- Developer: Team Chivalry
- Publisher: Team Chivalry
- Engine: Source
- Platform: Microsoft Windows
- Release: September 10, 2007
- Genre: Action
- Mode: Multiplayer

= Age of Chivalry =

2007 video game

Age of Chivalry is a multiplayer-focused total conversion modification for Valve's Half-Life 2 using the Source engine. Founded by Rickard Drakborn, Jeff Simmons and Scott Chipman, and developed by a group of independent developers called Team Chivalry, the mod features a medieval theme and aims to provide enjoyable close-combat battles.

== Gameplay ==
Players select to play on either the Agatha Knights or the Mason Order, the two factions competing to rule the fictional kingdom that is the game's setting.

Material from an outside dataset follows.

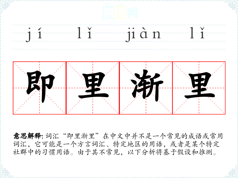 由于“即里渐里”不是一个标准汉语词汇,我们无法给出确切的基本定义。它可能是由“即”、“里”、“渐”、“里”四个字组合而成的,每个字都有自己的含义,但组合起来可能表达一种逐渐深入或逐渐变化的意思。

Most maps have several objectives; completing one leads to the next until the final objective has been completed or the defending team is able to prevent the other team from completing theirs during the allotted time. Objectives vary from taking a strategical point to killing villagers, and include many siege-oriented ones like ramming down the main door of a castle and constructing bridges. Age of Chivalry plans to use a dynamic campaign, in which each scenario affects which map will be used in the next chapter.

== Reception ==
PC Gamer highlighted the mod's large maps, describing the mountainous stretches as "tactics-encouraging" and overall should "encourage improvisation in team play."

== Legacy ==
The mod later evolved into a full game by the name of Chivalry: Medieval Warfare, developed by Torn Banner Studios (whose employees were involved in the development of the mod) as their first commercial game. It was released on October 16, 2012, via Steam.